Déjà, pour connaître personnellement le terrain, la loyauté n’a pas du tout le même sens en français et en urdu. Les soldats français, indéniablement, se sentent trahis. Un entretien est prévu entre le Ministre français et le Président Karzaï. Longuet devrait rentrer avec un rapport sous le bras pour établir la sécurité de nos 3 600 soldats sur place et en parler avec Nicolas Sarkozy de retour de Guyane.

Dès le samedi 21 janvier, soit le lendemain de l’attaque du camp français de Fob Gwan, les Talibans revendiquaient l’attaque et avouaient avoir recruté des militaires dans l’armée nationale afghane. Qu’il y ait diversifications des interventions terroristes en Afghanistan ne fait aucun doute sans compter que l’armée afghane recrute à la va vite et très largement des éléments, pas forcément talibans mais hostiles –ne serait-ce que par le fait religieux – aux forces occidentales.

Combien de sympathisants talibans parmi les quatre-vingt mille hommes qui constituent aujourd’hui l’armée nationale ?  La question hante forcément les états-majors occidentaux et personne n’a la réponse. Ce qui est certain, c’est que ce type d’opérations s’est multiplié l’année dernière dans les bases militaires américaines mais que, jusqu’alors, l’armée française avait été épargnée. De plus, à partir du moment où les troupes de l’Otan ne sortent plus ou sortent moins et se replient sur leurs bases, ce type d’opérations sera de plus en plus courant.

L'armée française victime de l'atlantisme et de l'Etat major

C’est la logique de la guerre et du combat comme est naturelle la haine grandissante dans le camp afghan des soldats occidentaux, de ces marines américains urinant sur les cadavres. Les soldats afghans le disent : ils ont de plus en plus le dégoût et le rejet de l’armée américaine et de ses méthodes : paroles humiliantes, opérations nocturnes contre les civils. Tout cela finit forcément par s’accumuler dans le sentiment anti-américain. Or, pour un soldat afghan de base, il n’y a guère de différence entre un soldat américain et un militaire français.

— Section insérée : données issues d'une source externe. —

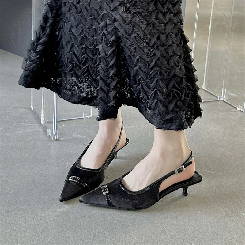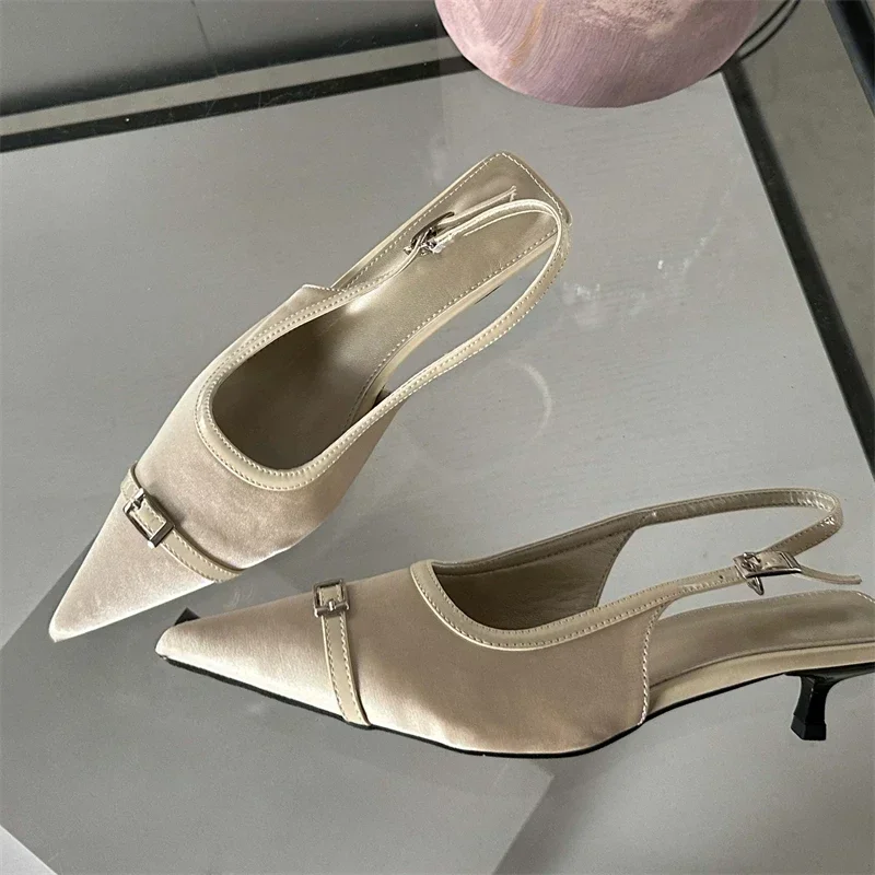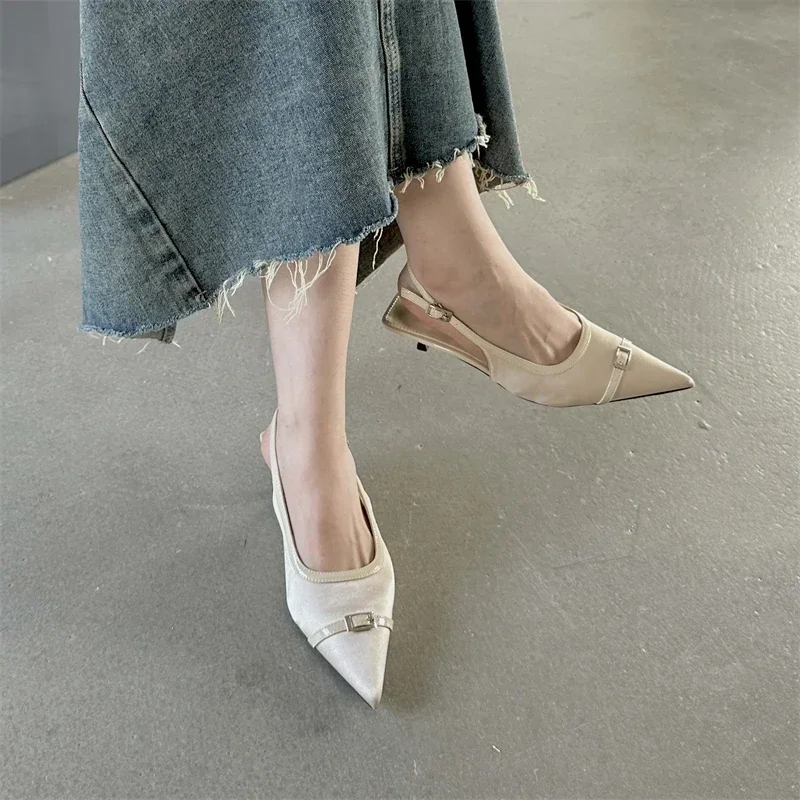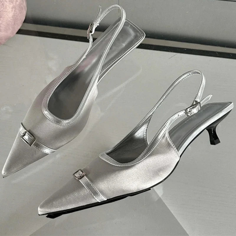 LIZAKOSHT Women Pumps Pointed Toe New Satins Slingback Sandals Ladies Buckle Fashion Design Silver Banquet Low Heels Mules Shoes for Women

Pourtant, il y en a bien une, qu’on ne relèvera jamais. Les hommes qui périssent en Afghanistan sont des militaires chevronnés et formés. Nous pouvons même dire que ce sont les meilleurs d’entre eux. L’armée américaine a beaucoup moins de scrupules pour ceux qu’elle envoie au front. Ce sont des haïtiens, des latinos en quête de papier. Nous avons suivi le parcours d’un d’entre eux pour la carte verte, après le tremblement de terre de Port-au-Prince. Engagé en août 2009, six mois de formation aux Etats-Unis, six mois sur la base d’Okinawa au Japon et le voilà arrivé, la semaine dernière en opération en Afghanistan, la tête bourré de préjugés, à peine formé au maniement des armes et sans aucune notion de civilisation.

Ces soldats américains, qu’on rencontre sur le terrain, n’ont donc rien à voir avec l’intelligence et la formation morale de nos soldats avec lesquels, par la faute de la haute hiérarchie militaire, ils seront pourtant confondus. C’est à ce titre que l’amiral Edouard Guillaud, toujours à la remorque des politiques, y compris comme artisan de la charia-cratie en Libye, peut être considéré comme responsable de l’aveuglement stratégique de la position française, à la différence du général Desportes. Le patron de l’Ecole de Guerre avait, à l’été 2010, tiré la sonnette d’alarme dans Le Monde, en un texte incisif mais clairvoyant, pour lequel le pacha Guillaud, dans une colère noire, s’empressa de le limoger avec fracas, puisque Nicolas Sarkozy, en lisant l’article du Général Desportes, était rentré dans un état sauvage !

La fin de la France en tant que nation? Ce n’est pas seulement les échecs de la politique de la ville en banlieue, la désindustrialisation de l’économie. C’est aussi la dépendance stratégique dans lequel la lâcheté de l’état-major français et les  diplomaties atlantistes de nos politiques nous ont conduits. Un constat pour l’armée française amer, violent et sans concessions de la fin de la « France ».